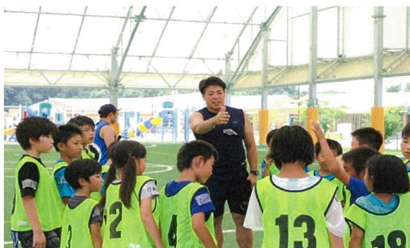
↑コミュニケーションをとりながらのしくワイワイと！
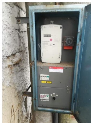
Obr.2 RVO Heřmaň obec - celkový pohled a detail elektroměru

RVO Heřmaň obec (výrobce ACTARIS, ACE3000 type 100) je umístěn ve skříni na betonovém sloupu společnosti E.ON u čísla popisného 16.
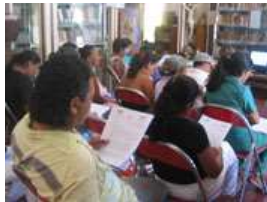
Lugar: Biblioteca Casa de la Cultura de Colosó Fecha : Agosto 7 /08 Descripción: Entrega de copia del documento referencial a cada artesano participante en la validación del documento referencial

***

### WHAT IS REQUIRED
What the answer must hold: all the data above, given again exactly, without pictures.

### EXERCISE SOLUTION
↑コミュニケーションをとりながらのしくワイワイと！
Obr.2 RVO Heřmaň obec - celkový pohled a detail elektroměru

RVO Heřmaň obec (výrobce ACTARIS, ACE3000 type 100) je umístěn ve skříni na betonovém sloupu společnosti E.ON u čísla popisného 16.
Lugar: Biblioteca Casa de la Cultura de Colosó Fecha : Agosto 7 /08 Descripción: Entrega de copia del documento referencial a cada artesano participante en la validación del documento referencial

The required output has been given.